Spreadbetters expected European shares to pull back slightly after Monday’s rise, calling for Britain’s FTSE (.FTSE), Germany’s DAX (.GDAXI) and France’s CAC (.FCHI) to open a touch lower.
Tracking overnight gains in U.S. stocks, MSCI’s broadest index of Asia-Pacific shares outside Japan was up 0.5 percent. The index was on track for a 4 percent gain this quarter.
Australian shares (.AXJO) rose 0.9 percent. Bourses in South Korea, Hong Kong, Malaysia and Indonesia rose as well. Japan’s Nikkei (.N225) bucked the trend and lost 0.2 percent.
The often volatile Shanghai Composite Index (.SSEC) followed up Monday’s rally, scaling seven-year highs on hopes for more infrastructure spending and monetary easing. The index led its Asian peers with a 17 percent gain this quarter.

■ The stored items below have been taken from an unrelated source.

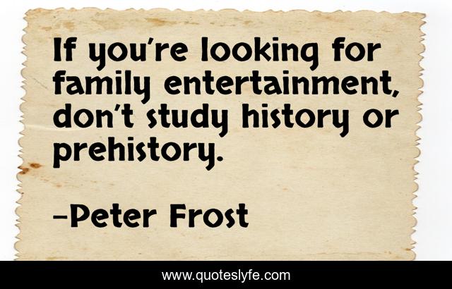 This page presents the quote "If you’re looking for family entertainment, don’t study history or prehistory.". Author of this quote is Peter Frost. This quote is about family-entertainment, prehistory, history, reality, nature,.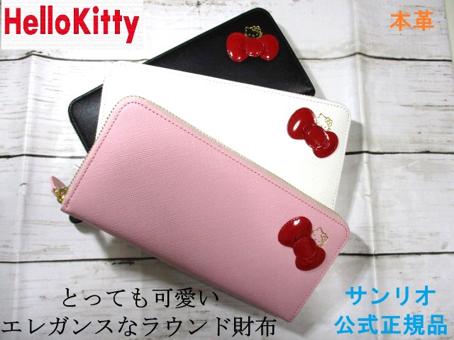 HELLO KITTY キティちゃん 送料無料 12160 87065 本革 大人可愛い ラウンド 長財布 コイン入れ ウォレット レディース レザー 鞄 就職活動 通勤 カジュアル サイフ 牛革 財...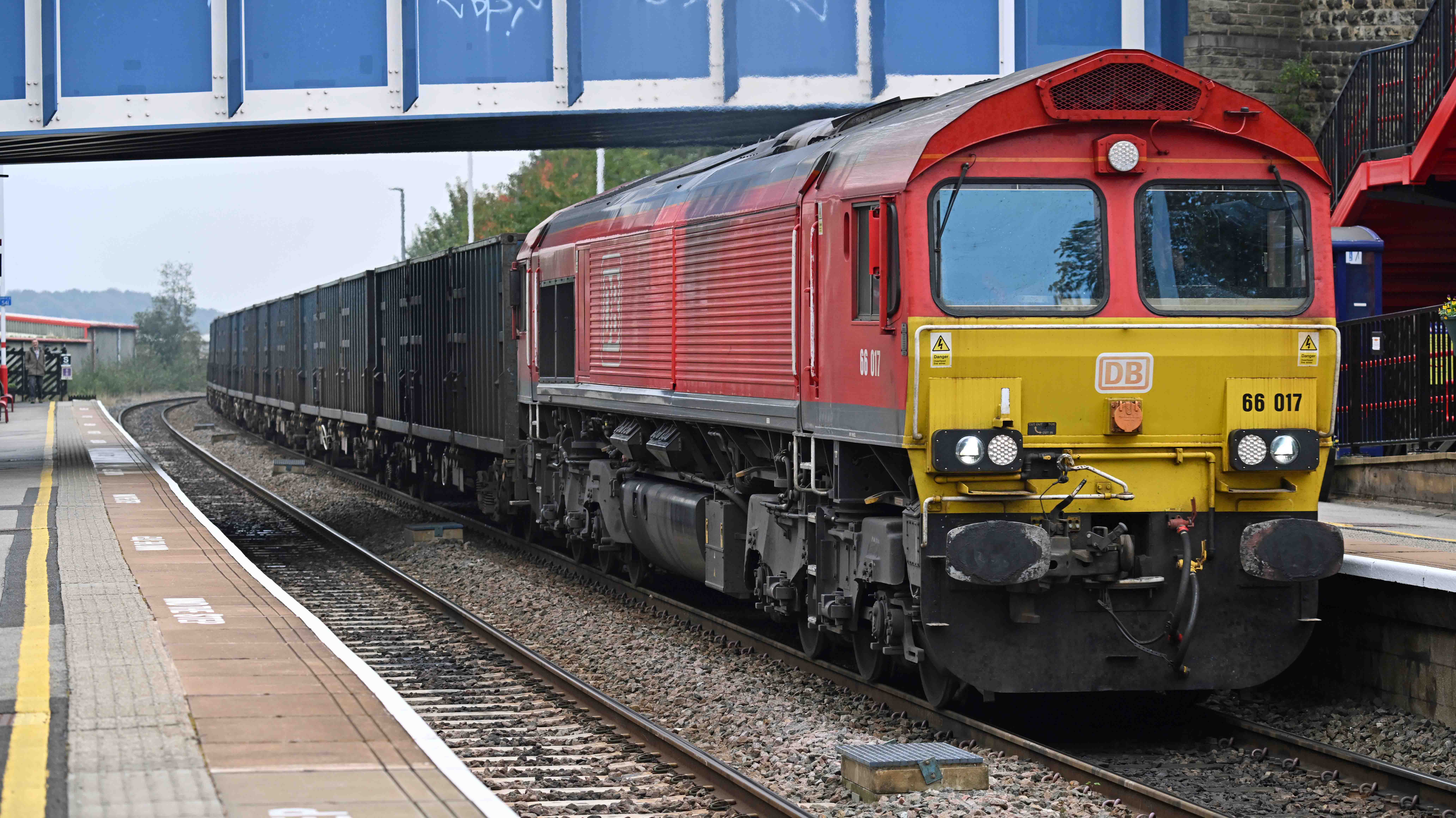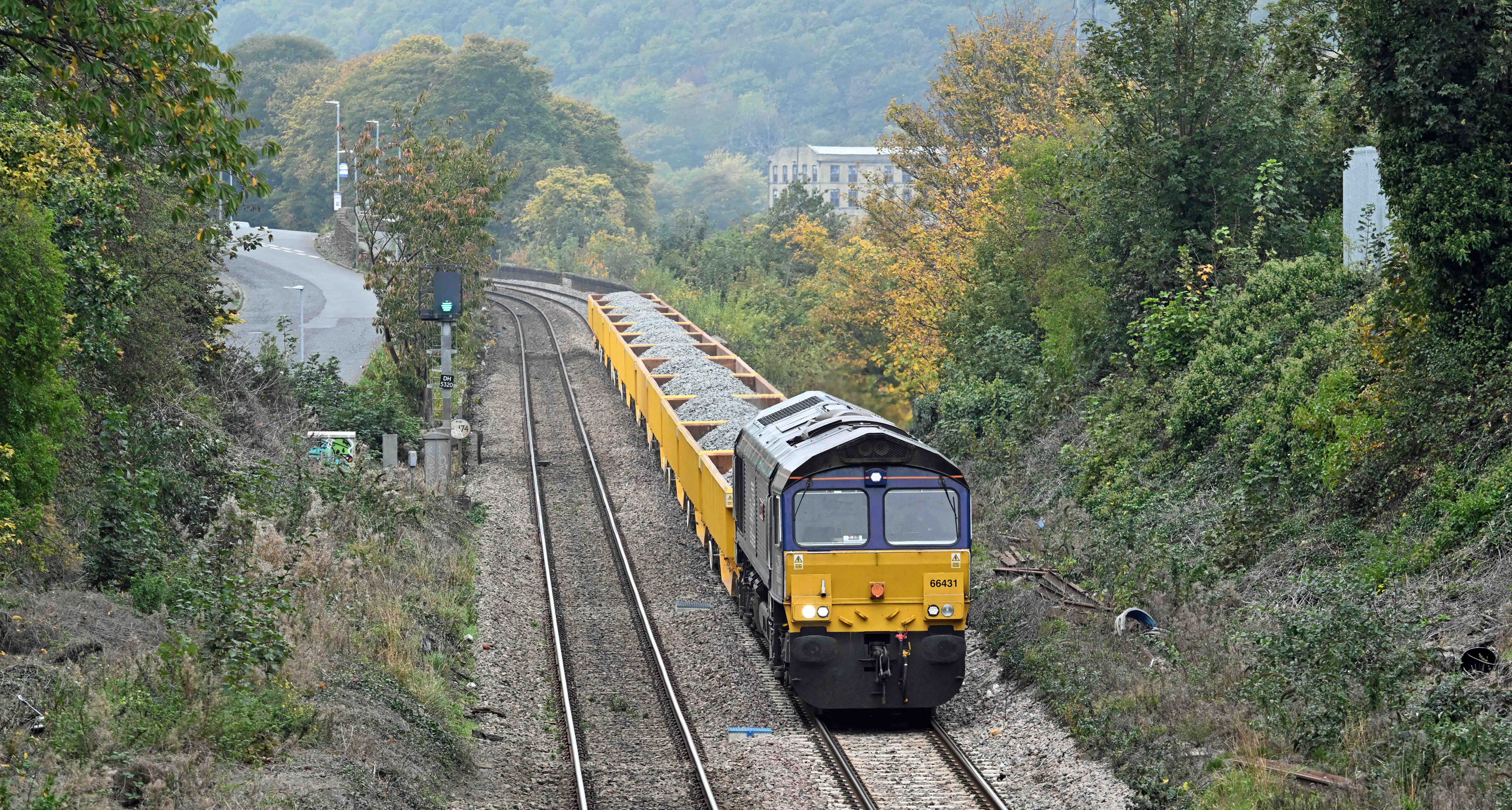 150004 was doing the honours on Friday. After reversing at Bradley Wood Junction it’s returned ready to work 2J66, the 14:30 to Bradford Interchange.66431 approaches the station with a trainload of ballast from the quarry at Shap. The service is 6E73, the 0910 Shap Summit Quarry to Doncaster Up Decoy yard. The train runs Tuesday to Friday. Heading in the opposite direction was DBs 66017, hauling 6M16, the 05:40 Wilton to to Knowsley Freight Terminal empty ‘binliner’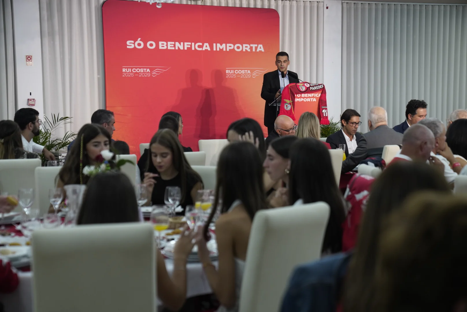 Num jantar-convívio que reuniu centenas de Benfiquistas e celebrou os 26 anos da Casa do Benfica de Paredes, Rui Costa foi recebido com enorme entusiasmo. Entre cânticos e abraços, o Presidente do Benfica sentiu na pele a força do povo do “Marquês do Norte”, como é carinhosamente conhecida esta zona.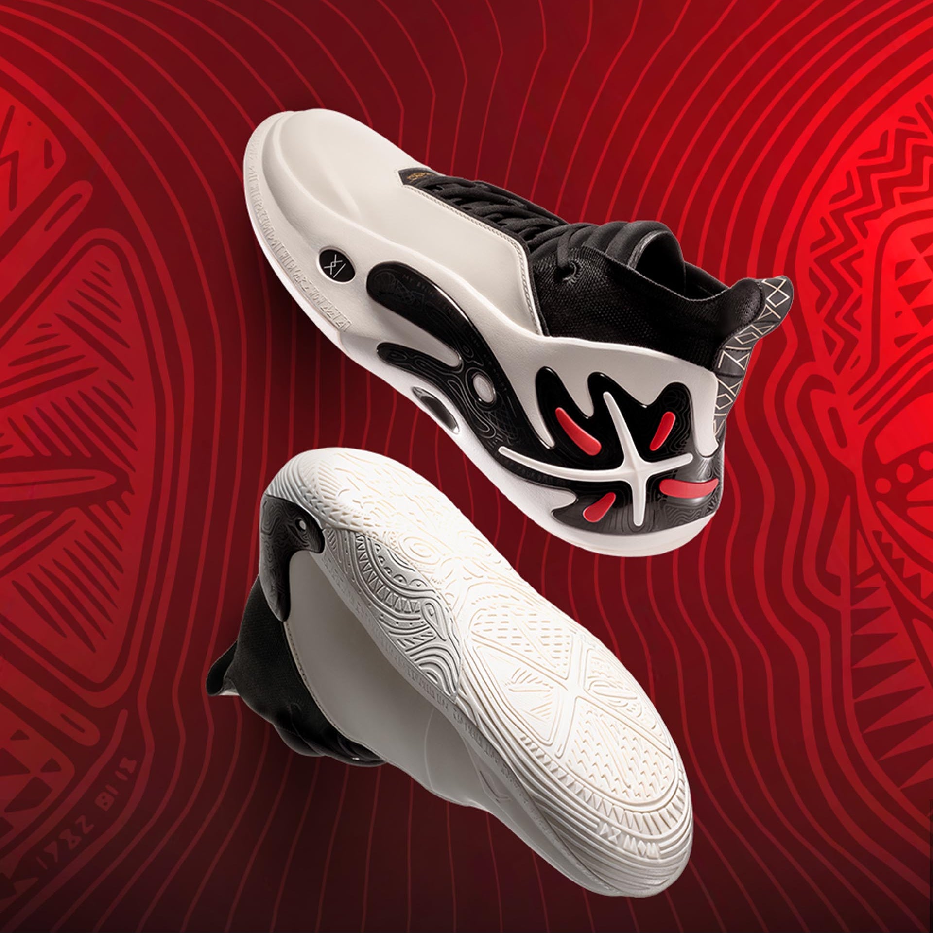 Leather upper for support and wrap-up feel, showcasing the texture and comfort. Left and right outsoles designed in different patterns of Dwyane Wade's avatar, Way of Wade brand logo, and natural elements, paying tribute to D. Wade and conveying the spirit of basketball.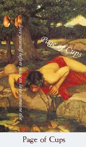 The Page of Cups is about cautiously exploring your own emotions (about the course ahead).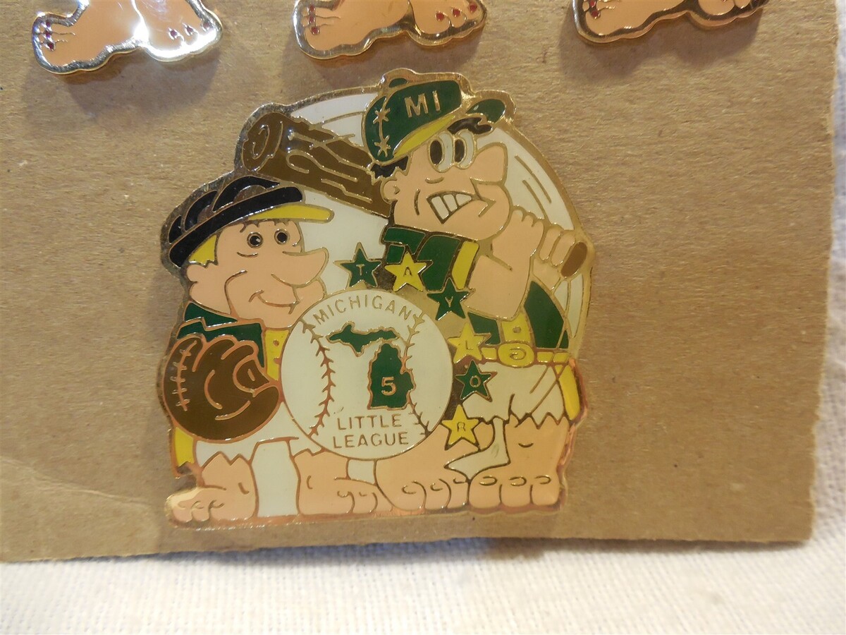 This is a set of Flintstones Little League pins. There is one pin which has Fred Flintstone and Barney Rubble. It is marked Michigan Little League 5 and has Taylor written in the stars. This pin measures approximately 2" x 2" and is missing one metal clasp on the back. There are 6 pins which have Fred Flintstones. Each of the pins are different...3 have Fred in an orange outfit and 3 have Fred in a blue-grey outfit...the hat and tie colors vary with blue, red and green. The Fred pins measure approximately 1" x 2".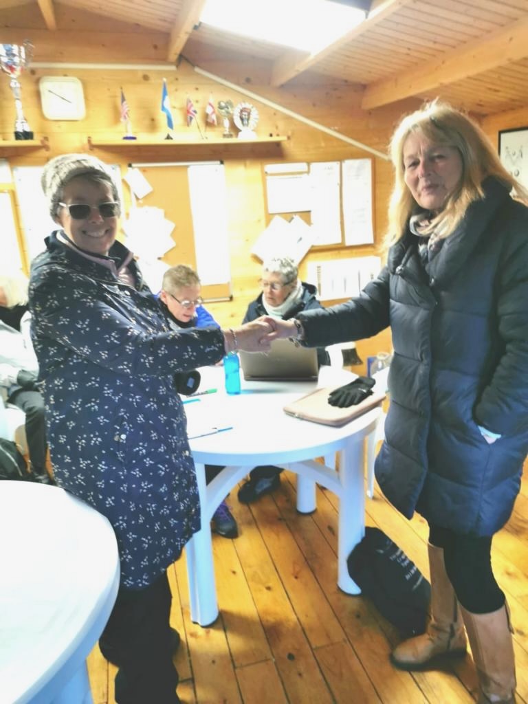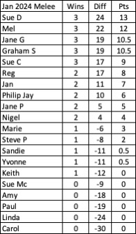 Sue D was the winner with 3 wins and +24, Mel, Jane G, Graham S and Sue C all won 3 games with lower points difference. Cumulative table same as January table. Things will change on February 4th. Scorers Amanda and Barbara in the background.

The Dow (.DJI) and S&P 500 (.SPX) both climbed more than 1 percent Monday with sentiment buoyed by robust Chinese equities.
After unveiling details over the weekend for a modern “Silk Road” that could pump tens of billions of dollars into investment, China late on Monday announced steps to ease housing taxes and lending rules to prop up sliding house prices that have threatened economic growth.
“Tax cuts, reductions to down payments on second homes, along with further moves to (reserve) requirement ratios have all been introduced to assist China’s slowing housing sector and will be a medium-term positive in the global growth story,” Evan Lucas, market strategist at IG in Melbourne, said in a note to clients.
Chinese central bank governor Zhou Xiaochuan’s recent warning that China needs to be vigilant for signs of deflation have also helped fuel hopes for more easing.
“We believe policymakers are increasingly concerned about
weakening growth and inflation, and will deploy more monetary and fiscal easing measures in the coming weeks,” economists at HSBC said.
In currencies, the euro was down 0.4 percent at $ 1.0788 (EUR=), adding to an overnight loss of 0.5 percent. The euro looked to lose about 10 percent this quarter versus the dollar.
The common currency fell against the dollar on worries whether Greece can secure aid before it runs out of cash in three weeks. Germany, Greece’s biggest creditor, demanded that it show more commitment to reform while Athens said it cannot make an “unconditional” agreement with lenders.
The dollar was little changed at 120.20 yen (JPY=) after surging from an overnight low of 119.105. The greenback was poised for a modest 0.4 percent rise this quarter.
The Australian dollar found little support from prospects of more stimulus and monetary easing from China, Australia’s key trading partner.
The Aussie lost 0.4 percent to $ 0.7626 (AUD=D4) after skidding more than one percent overnight amid persistent expectations of further interest rate cuts by the Reserve Bank of Australia.
U.S. crude extended losses as the Mar. 31 deadline loomed for Iran and six world powers negotiating a deal for Tehran’s nuclear programme.
If agreement to end Western sanctions is reached OPEC-member Iran would be able to ship more crude into an already saturated market.
U.S. crude was down 1.3 percent at $ 48.06 (32 pounds) per barrel.